Figure 5.

Downregulation or Dominant Repression of NIC2-Locus ERF Genes Inhibits Nicotine Biosynthesis in Transgenic Tobacco Roots.

Transcript levels are shown relative to empty vector control values, and error bars indicate the sd for three biological replicates. Clade numbers are indicated in parentheses.

(A) Schematic diagrams of the ERF189-RNAi, ERF189-EAR, and ERF179-EAR constructs. The ERF189-RNAi construct contains an intron of PDK (pyruvate orthophosphate dikinase from Flaveria trinerva) and two flanking ERF189 fragments in opposite orientations. ERF189-EAR and ERF179-EAR are fusion proteins with an EAR motif attached to the C termini of ERF189 and ERF179 via a short linker.

(B) Transcript levels of ERF genes in three ERF189 lines (R1 to R3; gray bars) and a vector control line (VC; white bars). Expression levels of clade 2 ERFs and clade 1 ERF10 were analyzed by qRT-PCR.

(C) Transcript levels of ERF genes in three ERF189-EAR lines (D1 to D3), three ERF179-EAR lines (D4 to D6), and a vector control line (VC). qRT-PCR was used to measure expression levels of both the endogenous ERF genes and the introduced transgenes.

(D) Transcript levels of tobacco metabolic enzyme genes. Tobacco hairy roots were cultured in the absence or presence of 100 μM MeJA for 24 h and analyzed for expression of the structural genes of nicotine biosynthesis (ODC, MPO, PMT, AO, QS, QPT, A622, and MATE1/2) and the control genes (ADC and SPDS) by qRT-PCR. In the VC line, MeJA increased the transcript levels as follows: ODC, 5.6-fold; PMT, 9.5-fold; QPT, 8.4-fold; A622, 9.2-fold; MATE1/2, 7.2-fold; and SPDS, 1.1-fold.
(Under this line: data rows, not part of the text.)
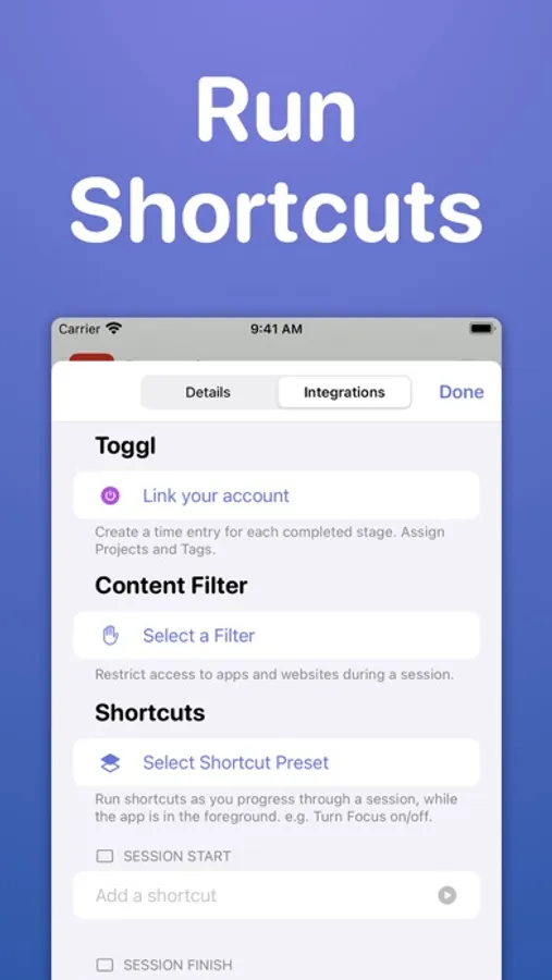 Start a session and perform actions via Shortcuts, Siri, and Spotlight. Start a session, Pause, Skip, Restart.
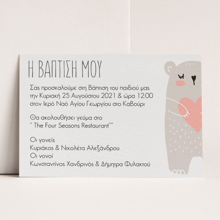 Κάθε λεπτομέρεια μετράει στην πιο όμορφη στιγμή της ζωής σας. Αυτό αντικατοπτρίζεται στα Προσκλητήρια Βάπτισης για αγόρι με σχέδιο Λούτρινο Αρκουδάκι, τα οποία χρησιμοποιούν υψηλής ποιότητας ιταλικό χαρτί και Myikona High Definition εκτύπωση. Διαθέσιμα σε διαφορετικές διαστάσεις.
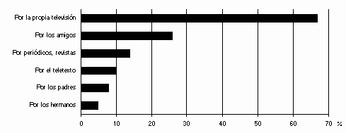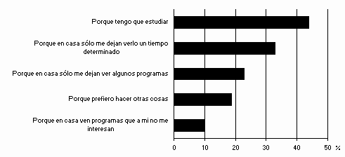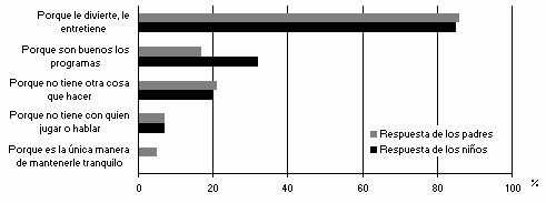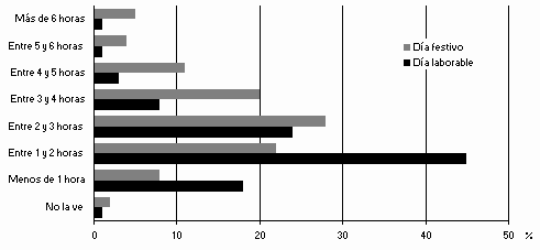 Con más detalle, presentamos una selección de datos acerca del uso que la población infantil (niños y niñas con edades comprendidas entre 7 y 16 años) hace del medio televisivo. Ver la televisión no es la actividad a la que los niños dedican más tiempo cuando no están realizando actividades escolares; sin embargo, la mayoría de ellos (80%) dedica su atención a este aparato más de una hora al día, porque les divierte y entretiene.
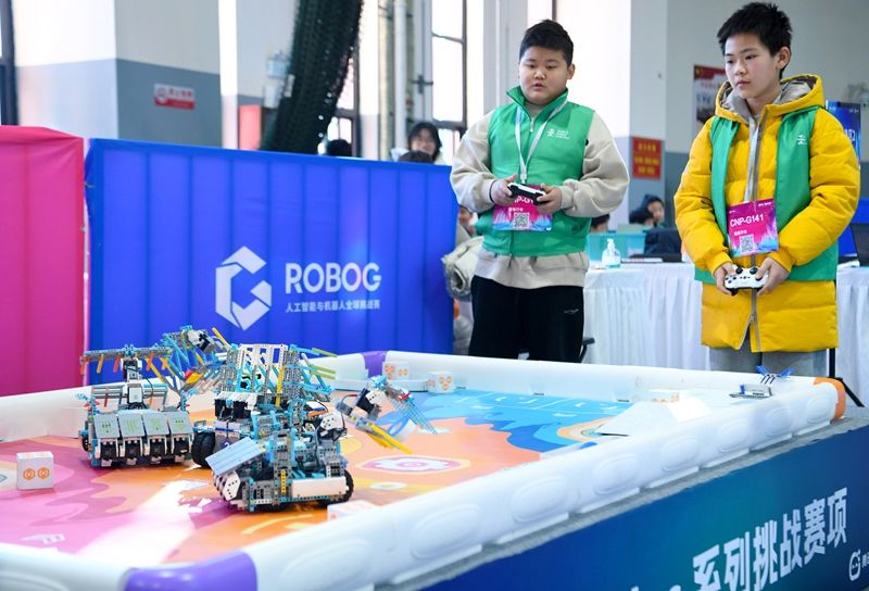 参赛选手操控机器人。(图片来源:新华社)

(E) Alkaloid levels in the transgenic root lines. In one experiment, tobacco hairy roots were treated with 100 μM MeJA for 3 d. Significant differences among the lines were determined at P < 0.05 by one-way analysis of variance, followed by the Tukey-Kramer test, and are indicated by different letters. DW, dry weight.